= Rebecca Cheung =

Scottish electronics engineer

Rebecca Cheung is a Scottish electronics engineer whose research interests include nanoelectronics, micro-electromechanical systems, and biomimetics based on materials including silicon carbide and graphene. She is a professor in the University of Edinburgh School of Engineering, affiliated with its program in electronics and electrical engineering and its research institite in integrated micro and nano systems.

==Education and career==
Cheung is the daughter of an engineer. She was educated at the University of Glasgow where, after receiving first class honours in electronics and electrical engineering, she completed a Ph.D. in 1990.

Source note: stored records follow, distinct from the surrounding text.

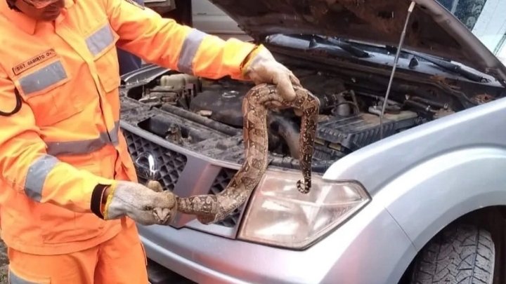 Uma jiboia foi encontrada na tarde desta sexta-feira (20) no filtro de ar de uma caminhonete em Muriaé. A captura do animal silvestre, que oferecia risco de ataque, foi realizada por uma equipe do Corpo de Bombeiros. Ninguém ficou ferido.
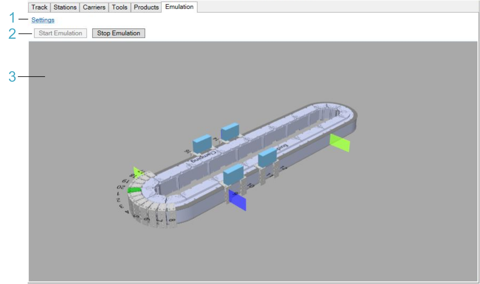 Öffnen Sie die Registerkarte mit der Emulationsansicht, um eine 3D-Emulation Ihres konfigurierten Objekts anzuzeigen und die virtuelle Ausführung des Objekts zu visualisieren.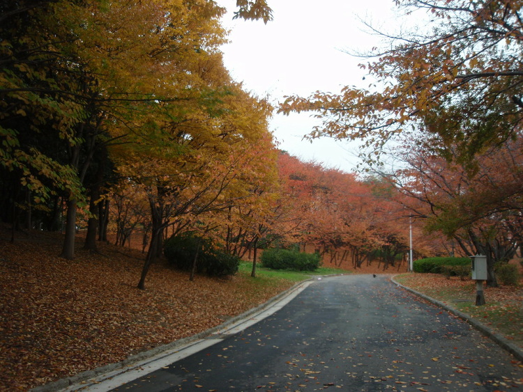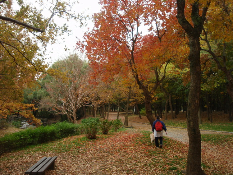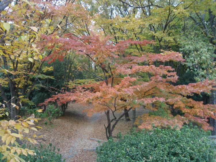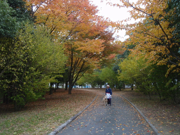 ようやく色づいた緑地は、気持ちよい散歩道となっています。

After postdoctoral research on semiconductor technology and mesoscopic physics at the University of Glasgow, ETH Zurich in Switzerland, Delft University of Technology in the Netherlands, and University of Canterbury in New Zealand, she returned to Scotland to take a position at the University of Edinburgh in 2000. Initially a lecturer, she was later promoted to reader, and then in 2007 given a personal chair as a professor. At Edinburgh, she has headed the Institute for Integrated Micro and Nano Systems in the Scottish Microelectronics Centre.

==Recognition==
Cheung was elected as a Fellow of the Royal Society of Edinburgh (FRSE) in 2012. She is also a Fellow of the Institution of Engineering and Technology. She was the 2024 recipient of the Women in Nanofabrication Award at the 3-Beams Conference for Nanofabrication. The Women's Engineering Society named her as one of the winners of their Top 50 Women in Engineering 2026 Awards.